Tag Archives: thoughtfulness

Humans are never strong forever

Passing through many rough patches in the last entire year, blogging has been more like a distant dream to me. So today may be you can call it a warm up post or a mere trial. There have been days and days (currently the third consecutive day and many more uncountable ones) when I just opened the blog deciding to write something but ended up just scrolling through a few poems and blogs in the readers column. So today I thought may be just start over and complete at least a single previous draft.
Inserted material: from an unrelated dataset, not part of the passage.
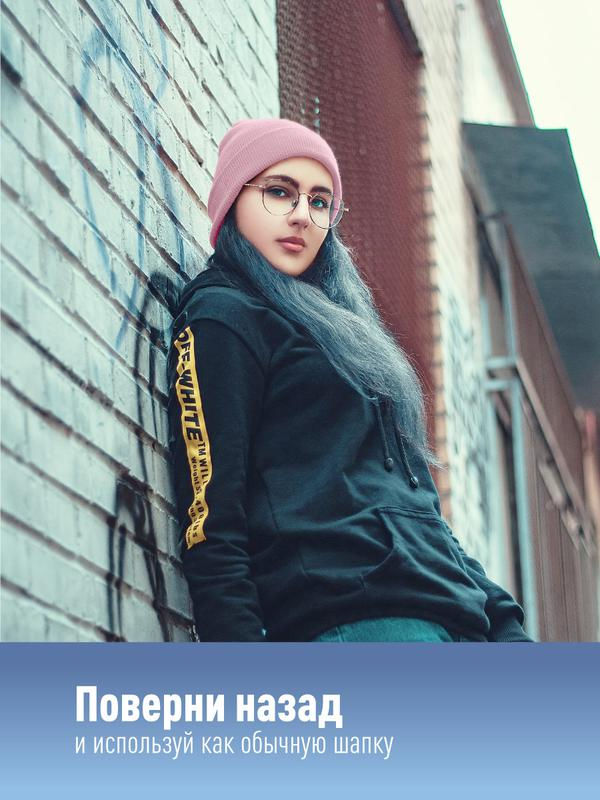 Шапка с фонариком 215х205х5 пастельно-роз. (фонарь 66х50х15мм снимается; аккум. 3.7В/200мА.ч) 3 режима свечения Космос KOCHat_pink

I have been working on myself for a couple of months; my own well-being both physical as well as emotional. A few decisions, a few efforts and more focused results. I have come to realize that being strong is not about just claims. In all the turmoils that I’ve been through I have found myself as an extremely feeble and fickle-minded person. Then another perspective comes that may be the ‘strong image’, ‘the stable mind’ and the decisiveness that I associate with myself were pure deceptions maintained within my mind. Well, this isn’t the case I believe as these traits of mine were admired by others firstly when I never even knew about them at the very first place. I’ve been hearing things like ‘you are a very patient, strong individual’ and many more things regarding my mental abilities and resilience. I am glad to pen it down here that I’ve found all of these claims entirely false.
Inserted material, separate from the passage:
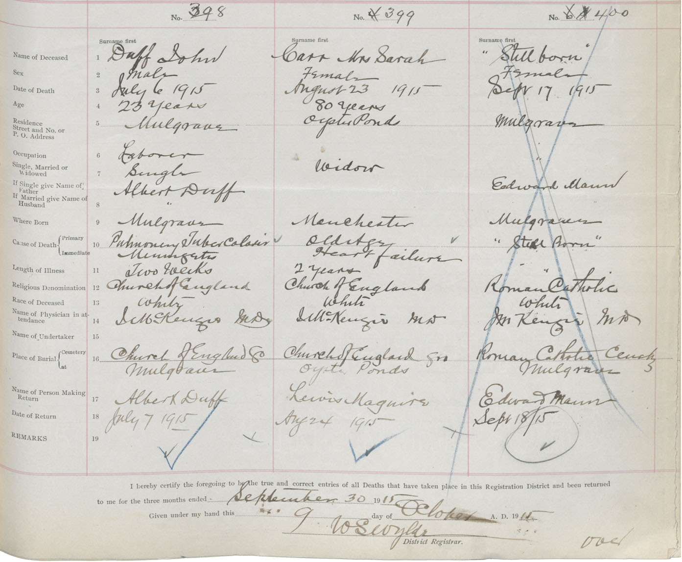 Female Death Registration: Year: 1915 book: 38 page: 191 number: 399

I used be extremely proud (within myself) of the fact that I bare a strong mental charisma. But well, all in vain. With immense immense gratitude, I believe that in search of attributes of mental strength what I was running behind was a mere ‘cold stone’. We as humans can never be mere vessels, hollow and empty; devoid of emotions. We can never be stones; unmoved, unharmed and unaffected by all extremities. Probably I forgot that when the earth shakes, even the toughest stones and mountains break. So yeah, the earth shook and I was the weakest stone thus, i was crushed into a million pieces. I am glad it happened. I am glad i got the much needed reality check.

I am not a vessel, for I bear feelings; love, hate, rage, lust, affection, deception, anger, jealousy and all buried inside. I am humbled and grateful that I am not what I thought of myself instead I am what He made me. I am smiling while writing this because I have silently cried many nights. I am standing here because I have been broken times again and again. I try to be humble and down because I have been shook by fate and my mistakes. I surrender to His mercy today because I have fought with him many many times. I believe in my worth today because I have spent ages and ages doubting myself. I have uplifted my morale for it has been degraded way too often. I see light in the day because i have experienced dark in the finest of lights. I am grateful (utterly grateful) today because I have been thankless all my life.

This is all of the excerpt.